Word for word, retype the lines from the one containing "Foto da década" to the one containing "Vogüé, joli village" below, keeping both end lines and dropping the pictures.

Saved entries:
________________________________________

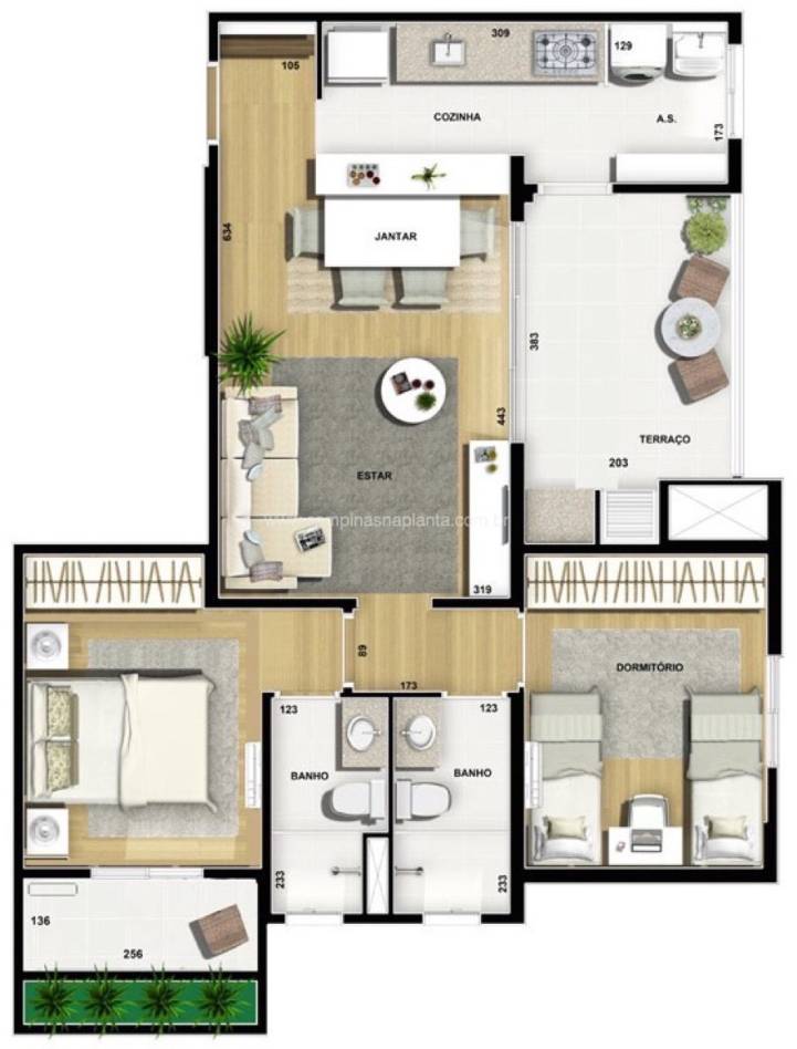 - Portas de correr de 3 folhas na varanda permitindo melhor integração com o Living e aproveitamento da iluminação e ventilação naturais.
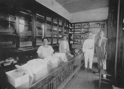 Foto da década de 40, de uma loja de roupas - Loja Flor de Maio, secos e molhados, que era instalada na Avenida Dr. Soares de Oliveira, onde hoje é a CTBC. (1) e (2) os proprietários Antônio José Felício e a esposa dona Sara, (3) e (4) não identificado
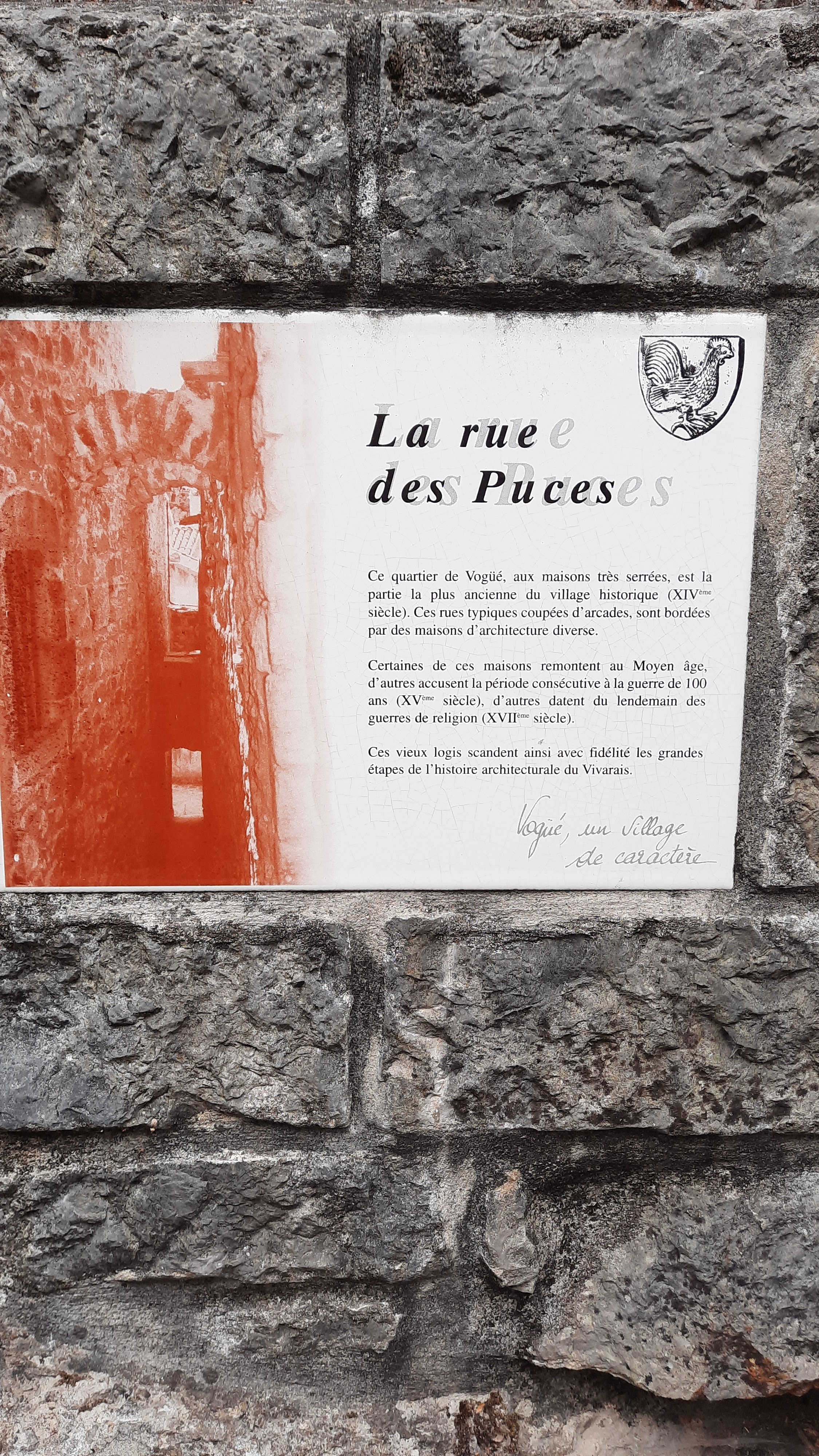 Vogüé, joli village de l' Ardèche, avec ses ruelles en pente avec super panorama en haut de la chapelle sur la vallée et le village.
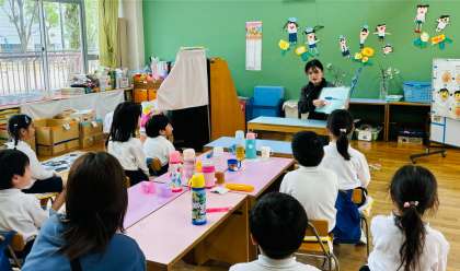 歯磨きの保健指導では、子どもたちが関心をもてるような視覚的教材を作成し、磨く時の歯ブラシの向きを意識できるよう知らせていました。子どもたちは、興味をもって話を聞き、教えてもらったことを意識して磨こうとする姿が見られました。
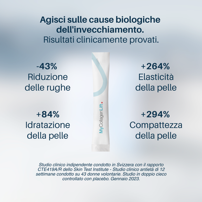 Francamente, non riesco più a contare tutte le creme e i sieri che ho provato negli ultimi anni. Ogni volta avevo l'impressione che funzionassero... ma in realtà era solo un'illusione. La mia pelle diventava sempre più sottile, spenta e le rughe si accentuavano nonostante tutti i miei sforzi. Cosa mancava a tutti questi prodotti? Un'azione davvero profonda. È stato allora che ho scoperto MyCollagenLift di MyPureSkin. Onestamente, all'inizio ero scettica: un altro integratore miracoloso? Eppure, tutto è cambiato. Prendo una bustina ogni mattina a digiuno in un bicchiere d'acqua e in poche settimane la mia pelle ha iniziato a trasformarsi. Più tonica, più compatta, molto più idratata. Anche i miei amici mi hanno fatto i complimenti senza sapere che stavo seguendo una cura. Quello che mi è piaciuto di più è che i risultati sono naturali: non ho bisogno di trucco o filtri per avere un aspetto sano. E, soprattutto, sento che la mia pelle è più forte dall'interno. Ciò che mi ha convinta definitivamente è stato lo studio clinico svizzero condotto sul prodotto stesso. E non si tratta di promesse di marketing: sono risultati scientificamente misurati, qui in Svizzera, su donne reali. La formula è estremamente completa, con 9 principi attivi naturali ultra concentrati: collagene marino, acido ialuronico, ceramidi, silicio, vitamina C naturale... tutto ciò che serve per nutrire la pelle dall'interno. E ciliegina sulla torta: è 100% Swiss Made, senza OGM, senza glutine, senza conservanti. Oggi, dopo 3 mesi di cura, posso davvero dire di essere ringiovanita. La mia carnagione è luminosa, i miei lineamenti sono più levigati, le mie rughe attenuate. E anche le mie articolazioni stanno meglio! Non pensavo che fosse possibile solo con un integratore.
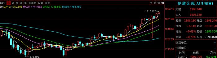 大妈抄底成功。 在通胀预期升温等因素推动下,国际金价进一步走高,黄金现货价格盘中已经突破1910美元/盎司,相比2个月前的低点1673.3美元/盎司,反弹超过200美元/盎司。与此同时COMEX黄金期货也站稳1900美元/盎司,创下近5个月新高。

________________________________________

Answer to this task:
 Foto da década de 40, de uma loja de roupas - Loja Flor de Maio, secos e molhados, que era instalada na Avenida Dr. Soares de Oliveira, onde hoje é a CTBC. (1) e (2) os proprietários Antônio José Felício e a esposa dona Sara, (3) e (4) não identificado
 Vogüé, joli village de l' Ardèche, avec ses ruelles en pente avec super panorama en haut de la chapelle sur la vallée et le village.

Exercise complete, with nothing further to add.